2. Police Supporting Candidates
FAFEN observers from 177 constituencies have reported that police are supporting a particular candidate in 33 constituencies of 19 districts – 12 in Punjab, five in Sindh and one each in NWFP and Balochistan.
The districts where police are reported to be supporting a particular candidate are Chakwal, Khushab, Kasur, Faisalabad, Okara, Muzaffargarh, Multan, Rawalpindi, Khanewal, Lahore, Jhelum and Mianwali in Punjab; Peshawar in NWFP; Dadu, Naushehro Feroze, Karachi South, Kashmor and Thatta in Sindh; and Naushki in Balochistan.
3. Security Provision by Police
According to reports from 121 constituencies, police are providing security to all candidates equally in 38 constituencies of 28 districts – 10 in NWFP, nine in Punjab, six in Sindh and three in Balochistan.
Police are giving security clearance to all candidates in Gujranwala, Jhang, Faisalabad, Okara, Dera Ghazi Khan, Multan, Rawalpindi, Khanewal and Lahore in Punjab; Kohat, Haripur, Shangla, Chitral, Battgram, Swabi, Lower Dir, Karak, Lakki Marwat and Nowshera in NWFP; Khairpur, Sukkur, Naushehro Feroze, Karachi East, Malir and Nawabshah in Sindh; and Bolan, Nasirabad and Loralai in Balochistan.

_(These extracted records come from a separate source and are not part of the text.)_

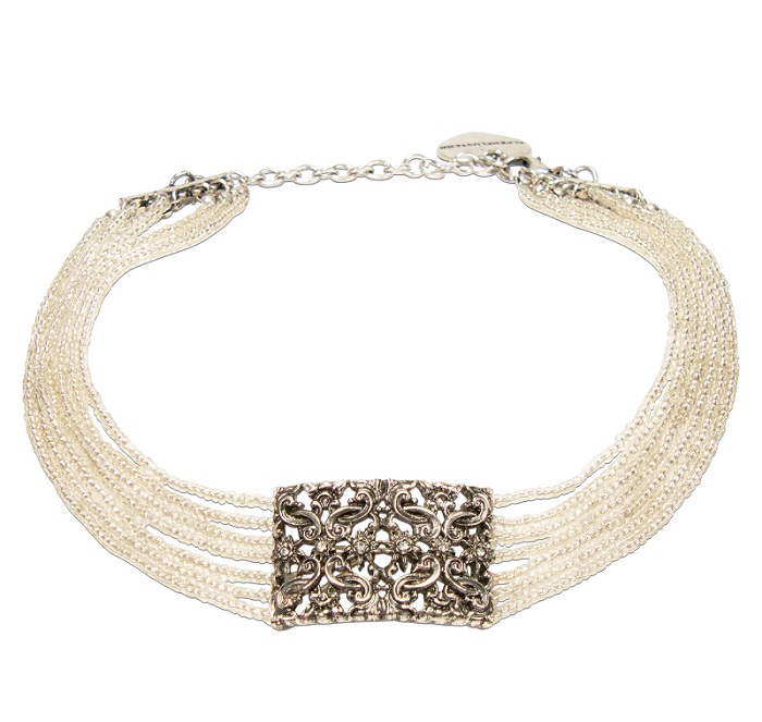 Die Trachtenkette Ornament-Edelweiss ist eine 7-reihige Perlenkropfkette aus sehr filigranen Perlen gearbeitet.
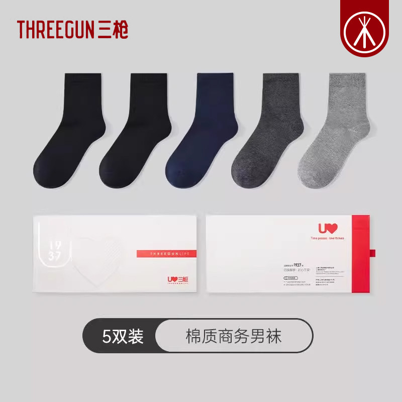 三枪袜子男中筒纯棉袜子防滑透气棉袜春秋简约商务款纯色全棉男袜
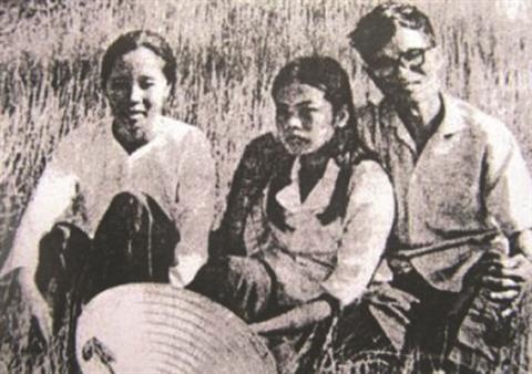 | Giang Nam đoàn tụ với cô du kích Phạm Thị Chiều và con gái ở Củ Chi năm 1973. (Ảnh ANTĐ). |
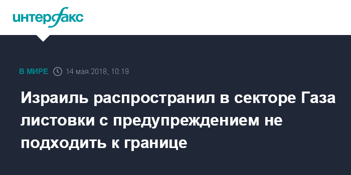Москва. 14 мая. INTERFAX.RU - Армия обороны Израиля через листовки призывает жителей сектора Газа не приближаться к границе и не вступать в столкновения с израильскими военными, сообщает в понедельник газета The Jerusalem Post.

On the other hand, reports sent by FAFEN observers from 124 constituencies show that police are providing security only to a particular candidate in 12 constituencies of eight districts – four in Punjab, two in Sindh and two in NWFP.

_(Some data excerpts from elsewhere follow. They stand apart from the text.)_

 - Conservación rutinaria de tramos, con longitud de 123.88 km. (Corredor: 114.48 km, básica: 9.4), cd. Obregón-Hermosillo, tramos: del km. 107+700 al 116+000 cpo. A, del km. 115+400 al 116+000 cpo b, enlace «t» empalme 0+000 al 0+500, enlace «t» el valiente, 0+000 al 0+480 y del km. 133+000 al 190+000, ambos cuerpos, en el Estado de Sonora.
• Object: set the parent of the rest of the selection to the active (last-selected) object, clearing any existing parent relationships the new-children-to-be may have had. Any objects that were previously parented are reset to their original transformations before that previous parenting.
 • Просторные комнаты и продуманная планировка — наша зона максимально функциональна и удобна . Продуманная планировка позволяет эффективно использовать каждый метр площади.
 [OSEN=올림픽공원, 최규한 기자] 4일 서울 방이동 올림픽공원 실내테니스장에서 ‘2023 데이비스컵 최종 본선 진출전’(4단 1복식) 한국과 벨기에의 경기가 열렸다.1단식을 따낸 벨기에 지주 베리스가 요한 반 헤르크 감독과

In Punjab, police are providing security only to particular candidates in six constituencies of Khushab, Muzaffargarh, Rawalpindi and Jhelum districts. In NWFP, police are providing security to specific candidates in two constituencies of Swabi and Kohat districts, whereas in Sindh police are providing security to one candidate each in Dadu and Thatha.
4. Interference By Intelligence Agencies
FAFEN observers’ reports reveal that in 10 constituencies (in six districts of Punjab and one each in Sindh and Balochistan) the officials of intelligence agencies are intimidating candidates.

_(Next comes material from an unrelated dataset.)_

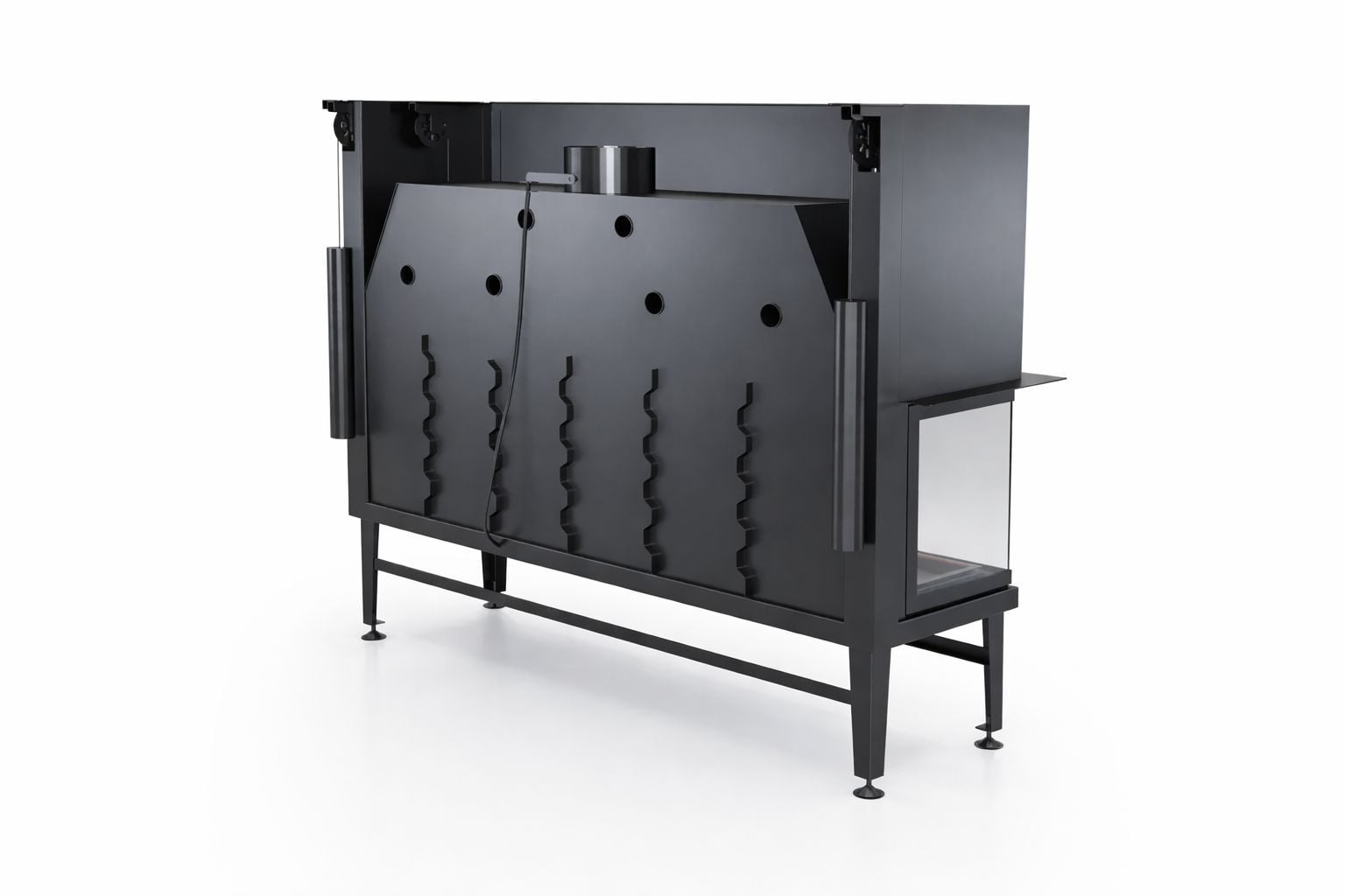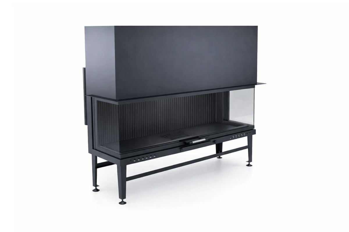 Gövdede kullanılan pik döküm hazne, 1200 °C’ye kadar yüksek sıcaklıklara dayanıklıdır ve uzun süreli kullanımda formunu korur. Güçlendirilmiş çelik paneller, ürünün genel dayanımını artırırken krom kulp detayları modern ve şık bir görünüm sunar. Bu sağlam yapı sayesinde asansörlü üç taraflı şömine haznesi, lüks konut projelerinde kalıcı bir değer oluşturur.

Such reports have come from eight constituencies of Khushab, Faisalabad, Dera Ghazi Khan, Rawalpindi, Khanewal, Lahore and Jhelum districts in Punjab; one constituency in Thatta district (Sindh) and one in Loralai district (Balochistan).
FAFEN observers have also sent reports from 12 constituencies of 10 districts (seven in Punjab and three in Balochistan) stating that officials of intelligence agencies are wooing support for a particular candidate.
Such reports have come from nine constituencies of Khushab, Dera Ghazi Khan, Muzaffargarh, Khanewal, Lahore, Jhelum and Mianwali districts in Punjab and from three constituencies in Nasirabad, Loralai and Gwadar districts of Balochistan.
5. Supporters Intimidating Voters and Destroying Election Material
From 17 out of 151 constituencies, FAFEN observers report that supporters of a particular candidate are intimidating and harassing potential voters in 15 districts. These 17 constituencies are situated in eight districts of Punjab, three districts each in NWFP and Sindh and one in Balochistan.
In Punjab, supporters of candidates are harassing potential voters in Faisalabad, Muzaffargarh, Multan, Rawalpindi, Khanewal, Lahore, Jhelum and Mianwali districts. In NWFP, such reports have come from Buner, Haripur and Swabi districts. Similar reports have been received from Karachi Central, Nawabshah and Thatta districts in Sindh and from Gwadar district in Balochistan.
According to FAFEN observers, supporters of a particular candidate are destroying election material of their rival candidates in five out of 150 constituencies in five districts (two in Punjab and three in Sindh). Such reports have been sent by FAFEN observers from Khanewal and Mianwali districts of Punjab and Sanghar, Nawabshah and Thatta districts in Sindh.
About FAFEN:The Free and Fair Election Network (FAFEN) is a coalition of thirty leading Pakistani civil society organizations. It was established in 2006 to observe the election process, educate voters, and advocate for electoral and democratic reform.